Requirement -
Here the job is to transcribe the data exactly while omitting the images.

Stored data -
= Beginning of Section =
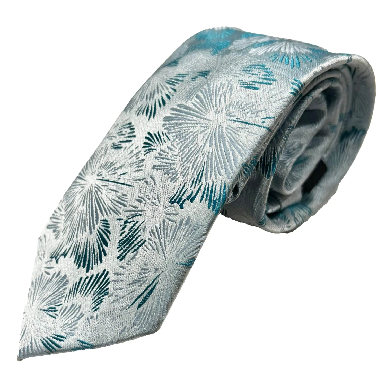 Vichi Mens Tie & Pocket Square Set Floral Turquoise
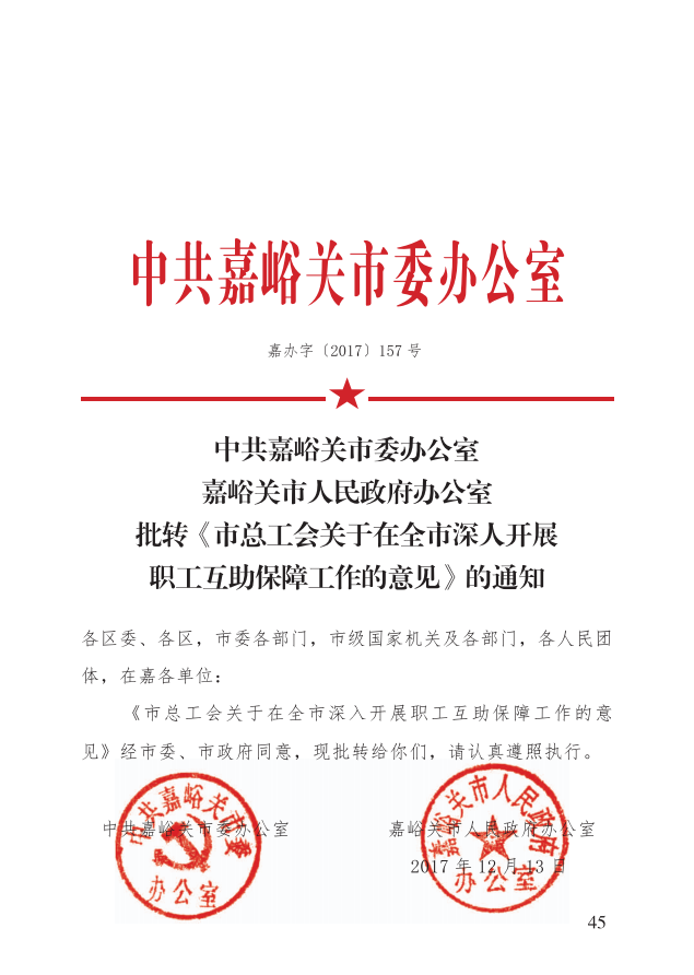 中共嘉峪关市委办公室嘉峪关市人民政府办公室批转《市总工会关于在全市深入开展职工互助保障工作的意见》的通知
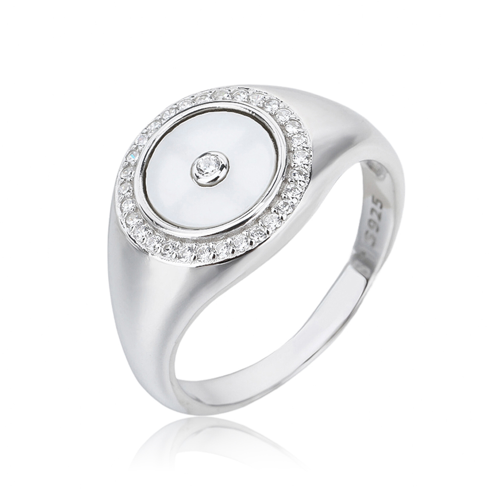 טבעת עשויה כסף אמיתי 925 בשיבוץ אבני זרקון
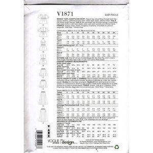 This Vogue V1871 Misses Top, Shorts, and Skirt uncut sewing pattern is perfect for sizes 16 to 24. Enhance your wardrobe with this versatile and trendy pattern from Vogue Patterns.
= End of Section =
Task result -
 Vichi Mens Tie & Pocket Square Set Floral Turquoise
 中共嘉峪关市委办公室嘉峪关市人民政府办公室批转《市总工会关于在全市深入开展职工互助保障工作的意见》的通知
 טבעת עשויה כסף אמיתי 925 בשיבוץ אבני זרקון
 This Vogue V1871 Misses Top, Shorts, and Skirt uncut sewing pattern is perfect for sizes 16 to 24. Enhance your wardrobe with this versatile and trendy pattern from Vogue Patterns.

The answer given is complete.